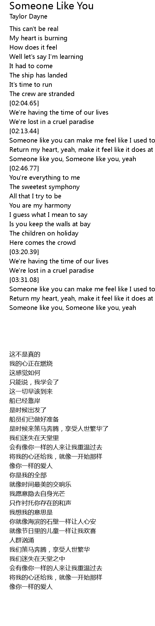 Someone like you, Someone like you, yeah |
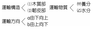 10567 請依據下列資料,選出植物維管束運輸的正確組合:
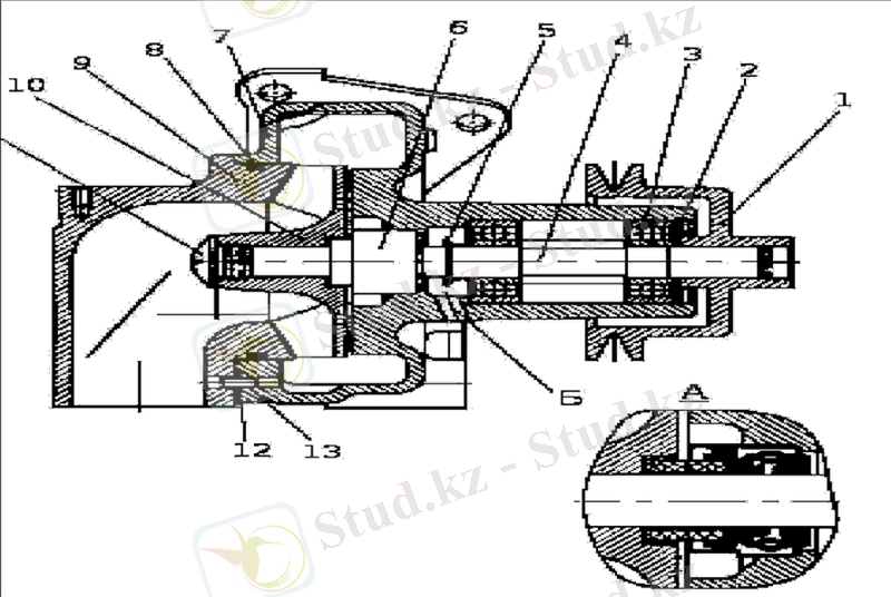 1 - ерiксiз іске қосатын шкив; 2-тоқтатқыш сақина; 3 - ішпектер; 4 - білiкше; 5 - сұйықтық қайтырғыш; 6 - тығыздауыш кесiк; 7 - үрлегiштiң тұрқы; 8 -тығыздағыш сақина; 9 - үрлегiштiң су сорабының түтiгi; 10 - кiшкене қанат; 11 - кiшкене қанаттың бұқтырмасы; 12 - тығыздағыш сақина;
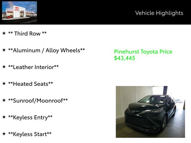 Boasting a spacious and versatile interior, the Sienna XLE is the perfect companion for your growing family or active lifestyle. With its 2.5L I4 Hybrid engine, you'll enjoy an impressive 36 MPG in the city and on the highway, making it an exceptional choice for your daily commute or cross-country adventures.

○ ○ ○

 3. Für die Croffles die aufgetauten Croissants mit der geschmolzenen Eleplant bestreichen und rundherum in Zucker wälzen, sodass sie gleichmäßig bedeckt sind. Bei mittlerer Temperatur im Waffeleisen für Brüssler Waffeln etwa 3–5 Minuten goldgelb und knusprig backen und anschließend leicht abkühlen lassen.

○ ○ ○

(Aim of the task)
Going by the data above, give back only the lines from the one containing "1 - ерiксiз" through the one containing "Boasting a spacious", exactly as they stand, both ends included and no images.

(Solved problem)
 1 - ерiксiз іске қосатын шкив; 2-тоқтатқыш сақина; 3 - ішпектер; 4 - білiкше; 5 - сұйықтық қайтырғыш; 6 - тығыздауыш кесiк; 7 - үрлегiштiң тұрқы; 8 -тығыздағыш сақина; 9 - үрлегiштiң су сорабының түтiгi; 10 - кiшкене қанат; 11 - кiшкене қанаттың бұқтырмасы; 12 - тығыздағыш сақина;
 Boasting a spacious and versatile interior, the Sienna XLE is the perfect companion for your growing family or active lifestyle. With its 2.5L I4 Hybrid engine, you'll enjoy an impressive 36 MPG in the city and on the highway, making it an exceptional choice for your daily commute or cross-country adventures.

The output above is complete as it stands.